With plain complexity, ∑_x 2^−C(x) can be infinite (many strings can share the same description length). With prefix complexity K(x), the sum ∑_x 2^−K(x) is always at most 1 — it defines a semimeasure on strings. This connection to probability is why prefix complexity is the "right" version for randomness.

Check: The prefix-free constraint on descriptions ensures...

∑ 2^−K(x) ≤ 1, giving K(x) a probabilistic interpretation Descriptions are always shorter than the string K(x) is computable

Chapter 1: Semimeasures on N

A semimeasure on the natural numbers is a function m: N → [0, ∞) such that ∑_n m(n) ≤ 1. It's like a probability distribution, except the total mass may be less than 1 (some probability "leaks out").

Where do semimeasures come from? Consider a randomized algorithm: a program that flips coins as it runs. If the program always halts, the probability of each output n defines a measure. If it might not halt, some probability is "lost" to non-termination — and we get a semimeasure.
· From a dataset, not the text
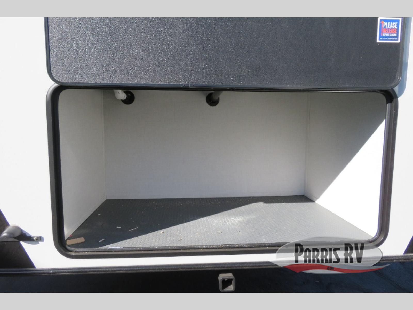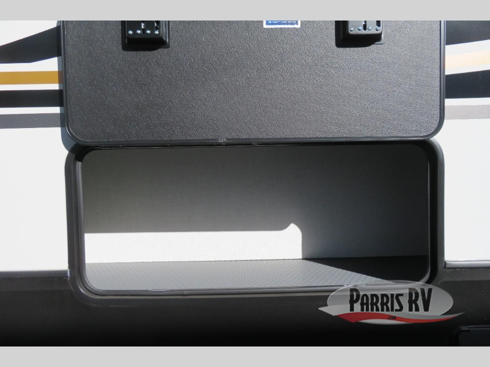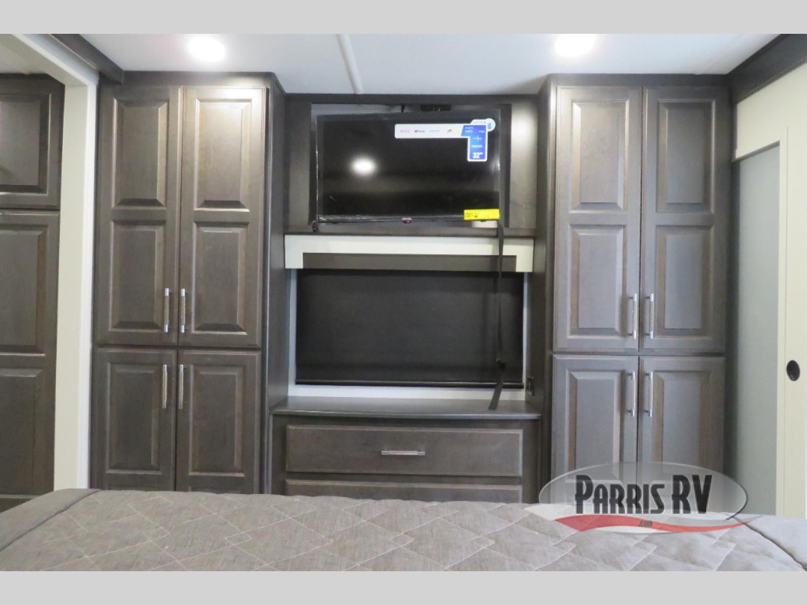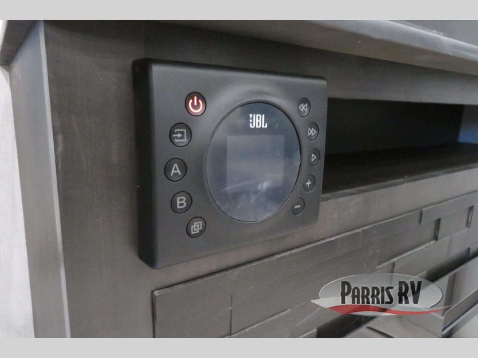 This fifth wheel is decked out in luxuries! The full rear bathroom has a walk-in shower to freshen up in each morning, a dual sink vanity for two to get ready at once, plus washer and dryer prep. You will enjoy a good night's rest on the king bed slide inside the private bedroom and others can sleep on the opposing tri-fold sofa sleeper slides in the living room. There is also a theater seating here, along with a fireplace and 50" LED TV for movie nights. The front kitchen is where it's really at in this fifth wheel; ample counter space, a bar top with stools, pull-out drawers, plus a pantry and closet for even more storage!

Randomized algorithm → semimeasure: Feed random bits to a program. With probability m(n), the program halts and outputs n. With probability 1 − ∑ m(n), it runs forever. The function m is a lower semicomputable semimeasure — we can approximate m(n) from below by running more and more random inputs.

A semimeasure m is lower semicomputable (or enumerable from below) if there is a computable sequence m₀(n) ≤ m₁(n) ≤ ... converging to m(n). We can approximate each m(n) from below but never know the exact value.

Check: A semimeasure differs from a probability measure in that...

Its total mass may be less than 1 It can take negative values It is defined only on finite sets

Chapter 2: Maximal Semimeasures

Just as there is an optimal description mode for complexity, there is a maximal lower semicomputable semimeasure. Call it M.

Theorem: There exists a lower semicomputable semimeasure M such that for any other lower semicomputable semimeasure m, there is a constant c with M(n) ≥ c · m(n) for all n.

Construction: Enumerate all programs p₁, p₂, .... Let m_i be the semimeasure generated by program p_i (with random input). Define M(n) = ∑_i 2⁻ⁱ · m_i(n). This is a weighted average over all lower semicomputable semimeasures. For any specific m_j, M(n) ≥ 2^−j · m_j(n).

The function M is called the a priori probability or Solomonoff's prior. M(n) is the probability that a universal randomized algorithm outputs n. Strings with high M(n) are those that "many programs" produce — simple strings. Strings with low M(n) are rare outputs — complex strings.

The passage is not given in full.